Return all the data below as it stands, minus the pictures.

(Data provided begins)

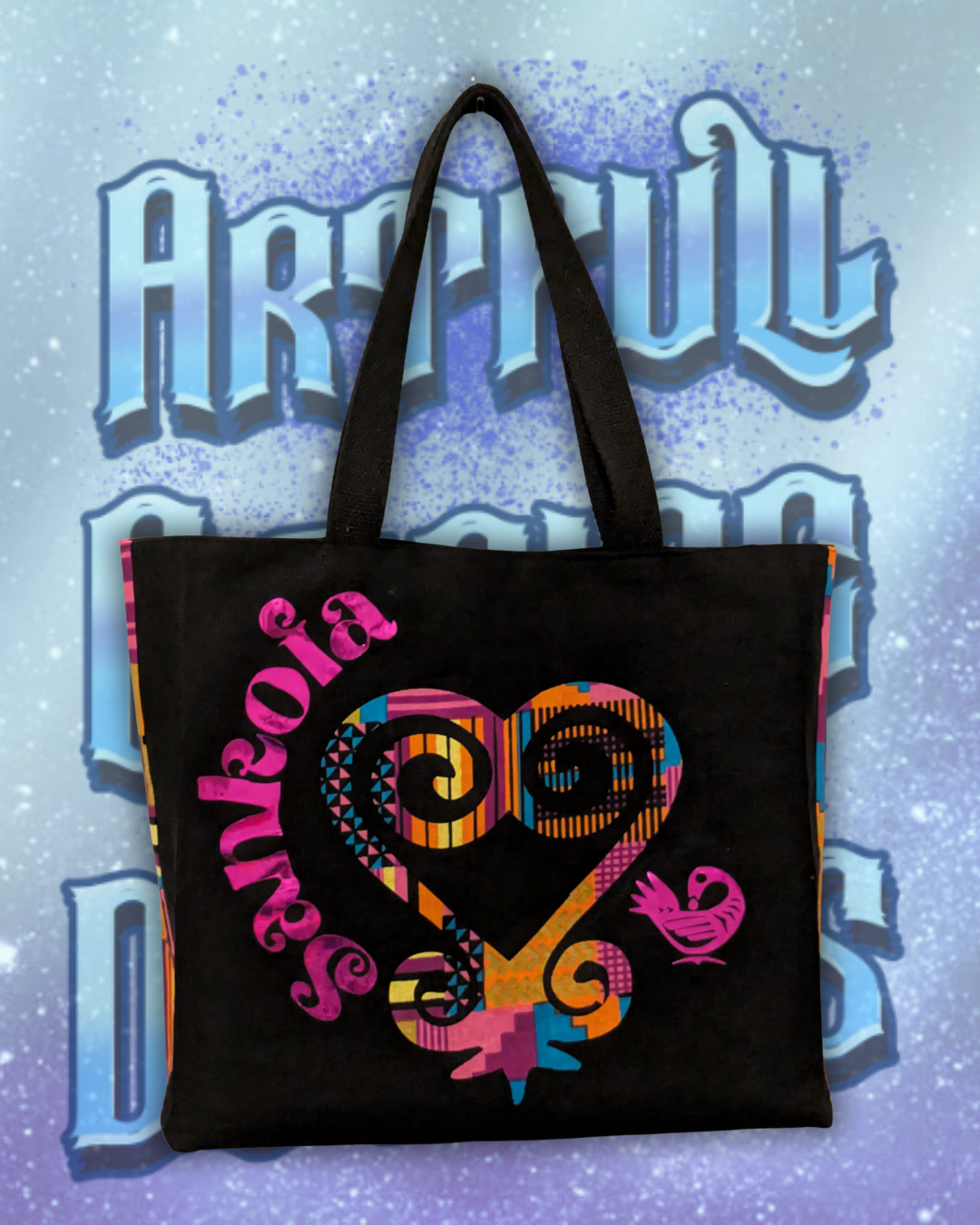 Adorned with a stunning, stylized heart and the iconic sankofa symbol crafted from vibrant pink kente print fabric, this tote captures the essence of cultural pride. The magenta metallic vinyl lettering proudly spells out “sankofa,” accompanied by its emblematic bird, reminding us all to cherish our roots while journeying into the future.
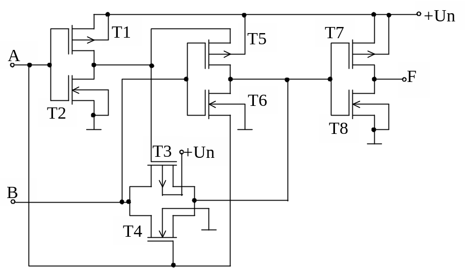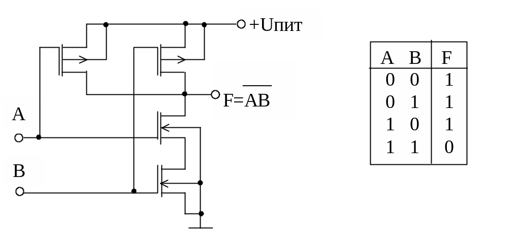 Если на входах A или B (или на обоих) логическая единица, то откроется один или оба из нижних транзисторов, при этом закроется один или оба верхних транзистора, тогда на выходе логический ноль. Если на обоих входах логический ноль, то закроются оба нижних и откроются оба верхних транзистора, при этом на выходе логическая единица.
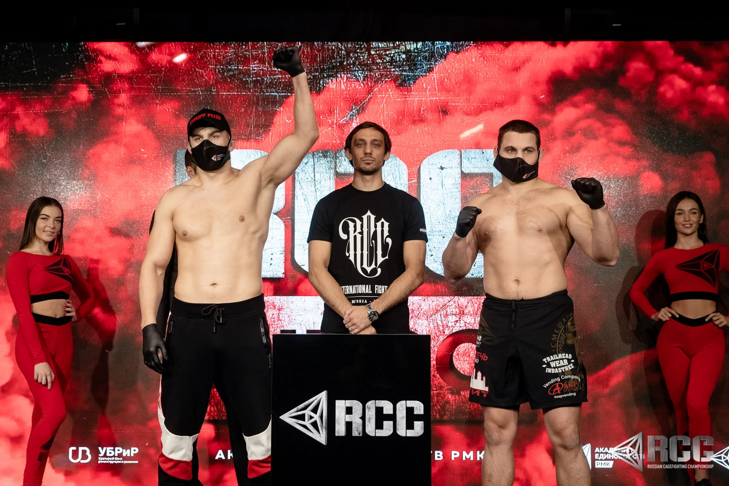 Завтра в главном поединке турнира RCC: Intro встретятся Михаил Рагозин и Дмитрий Тебекин. Бойцы только что встретились лицом к лицу и прошли взвешивание — Рагозин оказался легче соперника на 250 грамм и показал вес 93,15 кг.
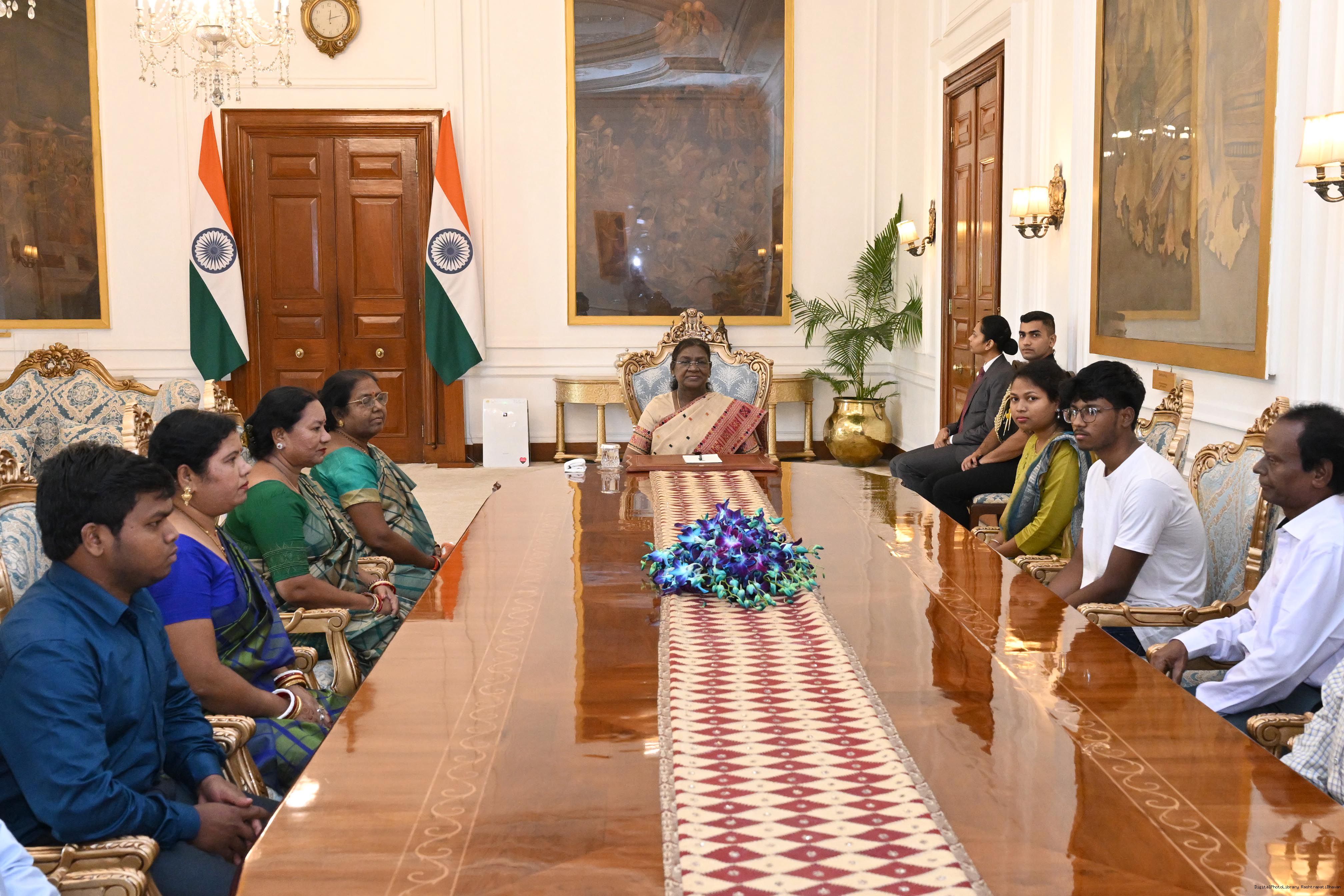 | Caption: | Srimati Kisku from Rairangpur along with Shri Jaktu Besra and others meeting with the President of India, Smt. Droupadi Murmu at Rashtrapati Bhavan on September 26, 2025. |

(Data provided ends)

**Answer for this exercise**:
 Adorned with a stunning, stylized heart and the iconic sankofa symbol crafted from vibrant pink kente print fabric, this tote captures the essence of cultural pride. The magenta metallic vinyl lettering proudly spells out “sankofa,” accompanied by its emblematic bird, reminding us all to cherish our roots while journeying into the future.
 Если на входах A или B (или на обоих) логическая единица, то откроется один или оба из нижних транзисторов, при этом закроется один или оба верхних транзистора, тогда на выходе логический ноль. Если на обоих входах логический ноль, то закроются оба нижних и откроются оба верхних транзистора, при этом на выходе логическая единица.
 Завтра в главном поединке турнира RCC: Intro встретятся Михаил Рагозин и Дмитрий Тебекин. Бойцы только что встретились лицом к лицу и прошли взвешивание — Рагозин оказался легче соперника на 250 грамм и показал вес 93,15 кг.
 | Caption: | Srimati Kisku from Rairangpur along with Shri Jaktu Besra and others meeting with the President of India, Smt. Droupadi Murmu at Rashtrapati Bhavan on September 26, 2025. |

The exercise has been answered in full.